NEW DELHI -- Among hot beverages, India is synonymous with just one: tea. But a lifestyle revolution driven by a burgeoning middle class is luring young Indians to cafés where cappuccinos, lattes and mochas are the drink of choice.

South Indian-style coffee - boiled with milk and served in stainless steel tumblers - has long been sipped in India's southern states of Karnataka, Tamil Nadu, and Kerala. But a new coffee-drinking culture has emerged since India's plantation owners have crept into the café business, launching a cultural revolution that has seeped into India's urban centres.

Today, there are about 750 cafés across India, two-thirds of which are owned and operated by Café Coffee Day, a company that plans to have 1,400 cafés across India in five years' time, as well as 10 in Pakistan and 10 in Austria.

"I expect this market to grow 40 per cent annually for the next three years," says Jagdeep Kapoor, director of Samsika Marketing Consultancies. "That is going to be huge."

In the next two decades, analysts expect there will be as many as 5,000 cafés in India.

It's taken a decade for India's largest chain to create a café culture.

There were only a handful of Café Coffee Day outlets in the late 1990s, all in India's six largest cities. But the chain, which is owned by the Bangalore-based Amalgamated Bean Coffee Trading Co. Ltd., has mushroomed since 2001, now boasting 401 cafés in 72 cities and aiming to cross the 500 mark by the end of the year.

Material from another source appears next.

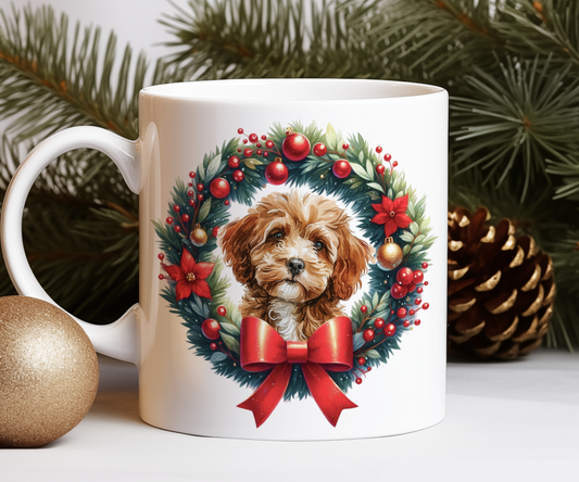 Personalised Chocolate Cockapoo Dog Christmas Wreath Gift Mug

India is also attracting global attention. Starbucks Corp. is eyeing New Delhi or Mumbai for its first outlet. Italian coffee company Lavazza is already here, after acquiring Barista Coffee Co. Ltd.

Starbucks is keeping mum about its strategy in India, as it navigates strict Indian laws on foreign ownership in the retail sector.

"We are looking forward to offering the finest coffee in the world, handcrafted beverages, legendary service and the unique Starbucks Experience to customers in India, first in either Delhi or Mumbai, in the near future," T. May Kulthol, a company spokesman, said in an e-mail.

But other players in the coffee sector are watching the global giant closely, amid speculation it may buy an Indian chain to gain a quick footing.

"They are scared of us. We are not scared of them," scoffed Naresh Malhotra, director of Café Coffee Day. "Let them come in. It will make for a greater awareness for coffee."

Café Coffee Day must also worry about another giant, Tata Coffee Ltd., which sold its share in Barista to the Italians and is developing its own brand, Mr. Bean Coffee Junction. From its first test location in the southern city of Kochi - near India's famous plantation country - Tata plans to expand the concept to five stores in Bangalore, Chennai and Hyderabad.

"If these stores are a success, then we will go in for a franchise model and rapidly expand," said M.H. Ashraff, managing director of Tata Coffee.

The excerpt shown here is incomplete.